(Extracted records)
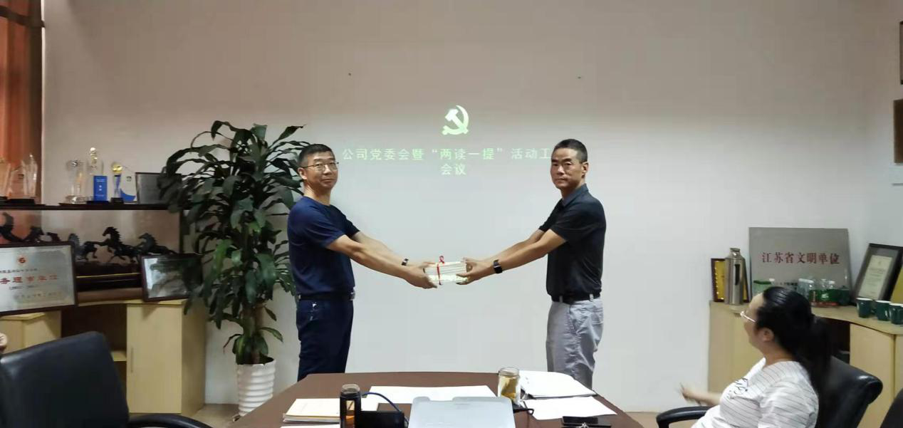 為進(jìn)一步推進(jìn)公司“不忘初心,牢記使命”主題教育開展,落實(shí)公司黨委“兩讀一提”活動(dòng)部署,促使黨員、干部養(yǎng)成良好讀書習(xí)慣,進(jìn)一步加強(qiáng)基層支部黨建工作建設(shè)、提升黨員、干部思想政治水平,8月22日下午,南通紡織控股集團(tuán)紡織染有限公司黨委組織開展了“紅色贈(zèng)書”活動(dòng)。公司黨委書記、董事長李志宏、黨委副書記盧李星等出席活動(dòng)。 活動(dòng)中,李志宏同志分別向本部黨支部、崇天黨支部依次贈(zèng)送《習(xí)近平新時(shí)代中國特色社會(huì)主義思想學(xué)習(xí)綱要》《不忘初心·牢記使命專題十講》、《黨員發(fā)展對(duì)象培訓(xùn)教材(2019年版)》《國有企業(yè)紀(jì)檢監(jiān)察工作手冊(cè)》等書籍。其中《習(xí)近平新時(shí)代中國特色社會(huì)主義思想學(xué)習(xí)綱要》為全體黨員人手一本。
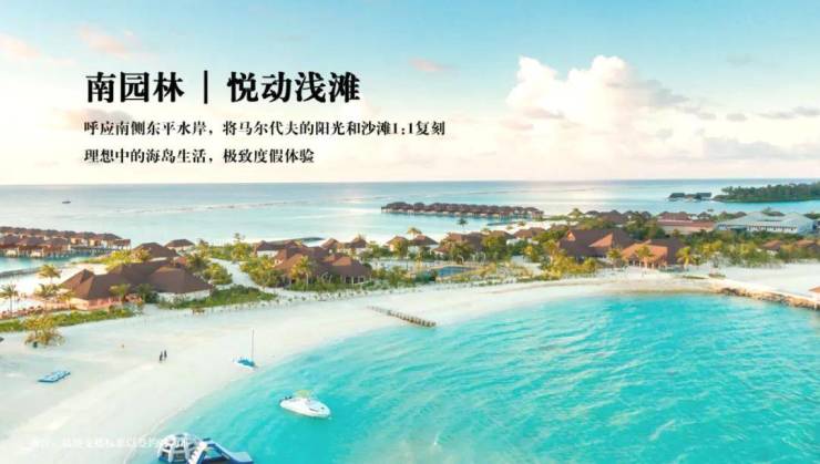 南园林主题——悦动浅滩,1:1复刻马尔代夫度假酒店的园林形象,打造享受、观赏、会客为主的观赏型园林
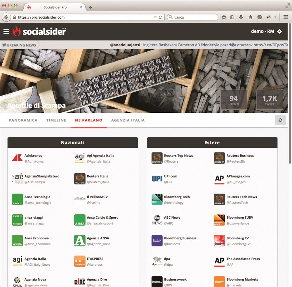 SocialSider è la nuova piattaforma di informazione sviluppata da Atomic Media. SocialSider incrocia news tradizionali e conversazioni su Twitter sui temi dell’attualità e offre un’approfondita panoramica degli avvenimenti. Le fonti sono riunite e organizzati in un solo prodotto facile da consultare, tempestivo e affidabile grazie a un’accurata mappatura dei canali. SocialSider è il prodotto di Atomic Media dedicato alle news, al commento e all’approfondimento.
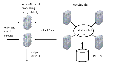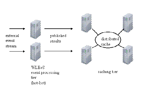 WebLogic Event Server可以很容易与第三方分布式缓存解决方案集成在一起,从而提供分布式缓存的各种优点,比如说高可用性。在图5的示例架构中,分布式缓存结合Event Server为Event Server应用程序的计算结果提供了高可用性。
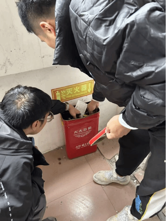 检查组重点围绕校区建筑安全、关键区域与薄弱环节展开细致检查。检查组逐一走遍2栋建筑的各个楼层,认真查看是否存在墙面脱落、楼板开裂情况;在教学区域,逐一对教室的电路设备、消防器材有效期、应急照明装置进行测试,确保教学设备运行安全与应急通道畅通;在学生宿舍,聚焦违规使用电器、私拉乱接电线、消防逃生路线堵塞等问题,现场提醒学生增强安全用电与防火意识。
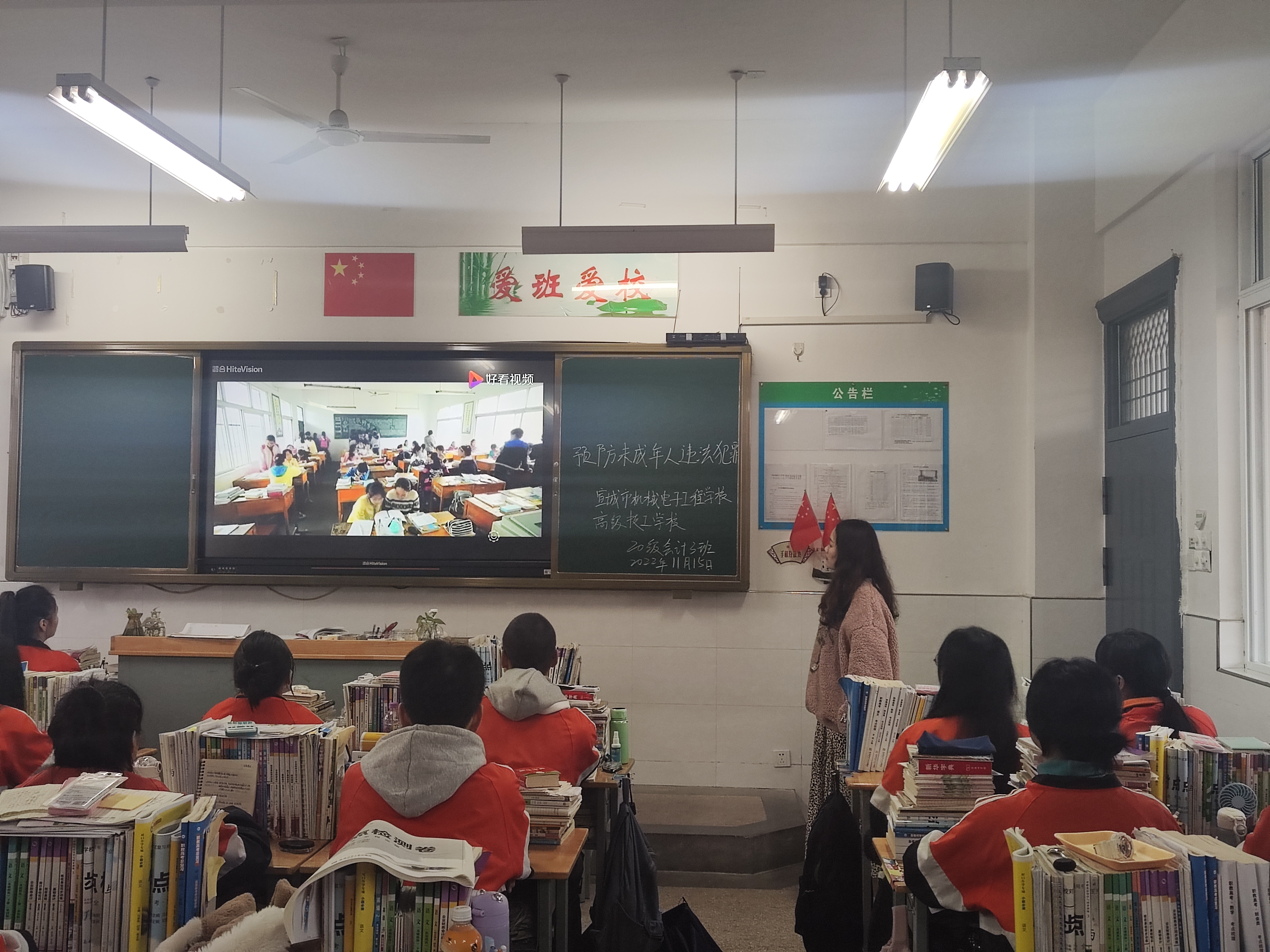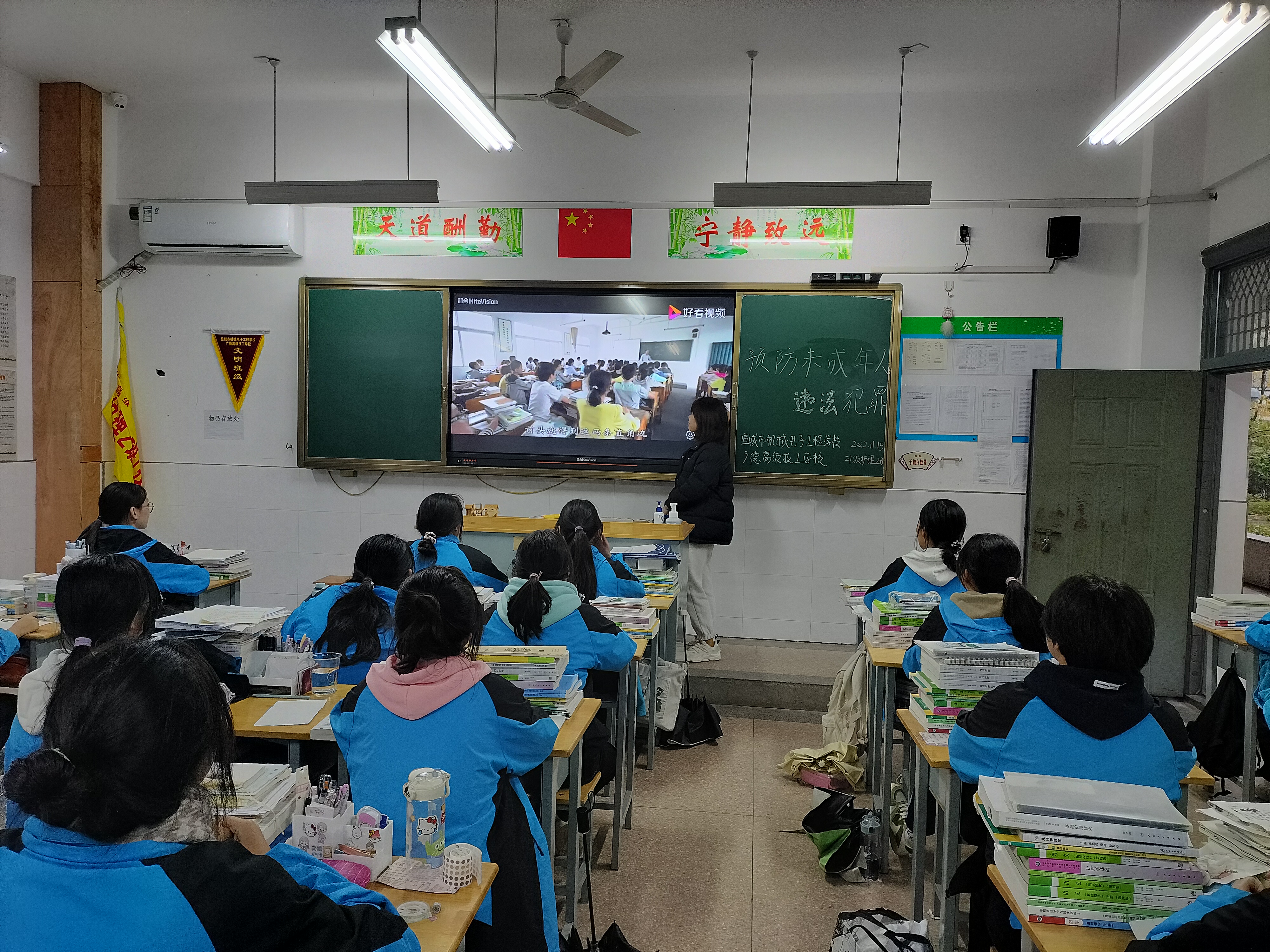 主题班会主要从“犯罪和我们有什么关系?”“未成年人的哪些行为属于违法?”“什么是犯罪?”“违法和犯罪的关联?”“不良行为和严重不良行为的区别?”“我们要怎么做?”这五个方面展开,利用视频向同学们介绍青少年有组织犯罪的特征,引导学生了解未成年人不良行为的种类,组织学生从道德两难的心理方面对案例进行分析与判断,让学生们理解一般违法与有组织犯罪的区别和联系、导致青少年犯罪的主观原因。
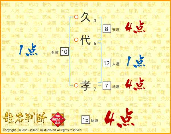 久(3画)代(5画) 孝(7画)
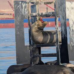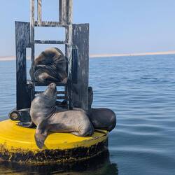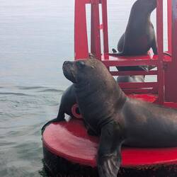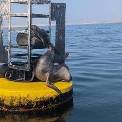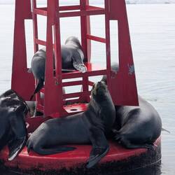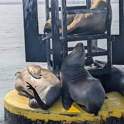 • Sea lions relaxing on a buoy
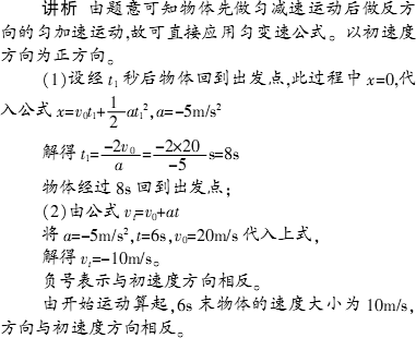 点评:对于这种先匀减速至零又反向匀加速,且全过程加速度不变的匀变速直线运动,解答时无需再分阶段,直接对全程应用相关的公式即可. |
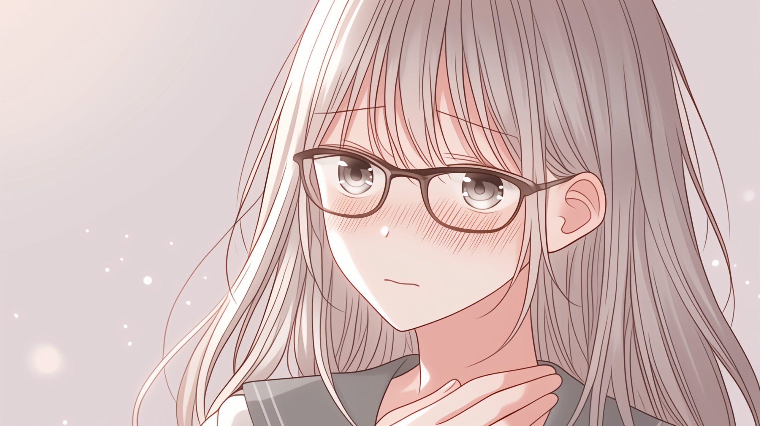 検索タグ:イラスト、ファッション、キャラクター、女性、女、女の子、女子、女の人、アニメ、漫画、マンガ、美人、美女、若い、かわいい、可愛い、カワイイ、人物、顔、美しい、綺麗、きれい、キレイ、アート、お洒落、挿絵、インスタ、Instagram、AI生成画像、fashion、コピースペース、学生、高校生、銀髪、シルバーヘア、眼鏡、メガネ、めがね、恥ずかしい、緊張、照れる、ドキドキ、胸キュン、神様勇気をください
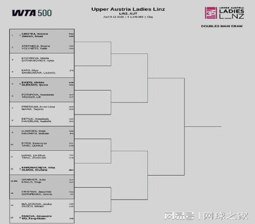 我們?cè)賮?lái)關(guān)注WTA500林茨站。北京時(shí)間昨晚,本站賽事的雙打簽表出爐,中國(guó)老將張帥與羅馬尼亞人科斯蒂亞搭檔出戰(zhàn),首輪對(duì)陣美國(guó)組合斯蒂芬斯/沃利內(nèi)茨。湯千慧、楊釗煊 梁恩碩等中國(guó)球員也將參賽。
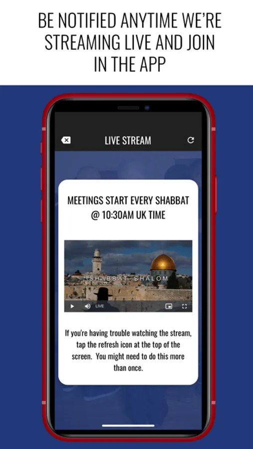 This app is designed for those who Ahava Yisrael, and our friends around the world. Stay connected and never miss a Shabbat service again with our app. No need to rely on Facebook or YouTube, you can now watch our weekly live services directly in the app and receive notifications when we go live.
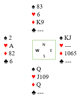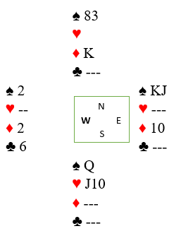 Kløver 9 ble spilt fra øst, og det spiller ingen rolle om syd legger i en stor eller ikke. Han dekket med tieren, vest stakk over, og spar til esset ble fulgt av kløver til syveren (det var derfor det var viktig å trumfe den lille hjerteren med kløver 8, ikke med østs minste trumf). Etter å ha tatt ut syd fjerde trumf så det slik ut:

_Work request_
The required output is the lines from the one containing "检查组重点围绕校区建筑安全、" through the end of the data, printed exactly, with no pictures.

_Your solution_
 检查组重点围绕校区建筑安全、关键区域与薄弱环节展开细致检查。检查组逐一走遍2栋建筑的各个楼层,认真查看是否存在墙面脱落、楼板开裂情况;在教学区域,逐一对教室的电路设备、消防器材有效期、应急照明装置进行测试,确保教学设备运行安全与应急通道畅通;在学生宿舍,聚焦违规使用电器、私拉乱接电线、消防逃生路线堵塞等问题,现场提醒学生增强安全用电与防火意识。
 主题班会主要从“犯罪和我们有什么关系?”“未成年人的哪些行为属于违法?”“什么是犯罪?”“违法和犯罪的关联?”“不良行为和严重不良行为的区别?”“我们要怎么做?”这五个方面展开,利用视频向同学们介绍青少年有组织犯罪的特征,引导学生了解未成年人不良行为的种类,组织学生从道德两难的心理方面对案例进行分析与判断,让学生们理解一般违法与有组织犯罪的区别和联系、导致青少年犯罪的主观原因。
 久(3画)代(5画) 孝(7画)
 • Sea lions relaxing on a buoy
 点评:对于这种先匀减速至零又反向匀加速,且全过程加速度不变的匀变速直线运动,解答时无需再分阶段,直接对全程应用相关的公式即可. |
 検索タグ:イラスト、ファッション、キャラクター、女性、女、女の子、女子、女の人、アニメ、漫画、マンガ、美人、美女、若い、かわいい、可愛い、カワイイ、人物、顔、美しい、綺麗、きれい、キレイ、アート、お洒落、挿絵、インスタ、Instagram、AI生成画像、fashion、コピースペース、学生、高校生、銀髪、シルバーヘア、眼鏡、メガネ、めがね、恥ずかしい、緊張、照れる、ドキドキ、胸キュン、神様勇気をください
 我們?cè)賮?lái)關(guān)注WTA500林茨站。北京時(shí)間昨晚,本站賽事的雙打簽表出爐,中國(guó)老將張帥與羅馬尼亞人科斯蒂亞搭檔出戰(zhàn),首輪對(duì)陣美國(guó)組合斯蒂芬斯/沃利內(nèi)茨。湯千慧、楊釗煊 梁恩碩等中國(guó)球員也將參賽。
 This app is designed for those who Ahava Yisrael, and our friends around the world. Stay connected and never miss a Shabbat service again with our app. No need to rely on Facebook or YouTube, you can now watch our weekly live services directly in the app and receive notifications when we go live.
 Kløver 9 ble spilt fra øst, og det spiller ingen rolle om syd legger i en stor eller ikke. Han dekket med tieren, vest stakk over, og spar til esset ble fulgt av kløver til syveren (det var derfor det var viktig å trumfe den lille hjerteren med kløver 8, ikke med østs minste trumf). Etter å ha tatt ut syd fjerde trumf så det slik ut:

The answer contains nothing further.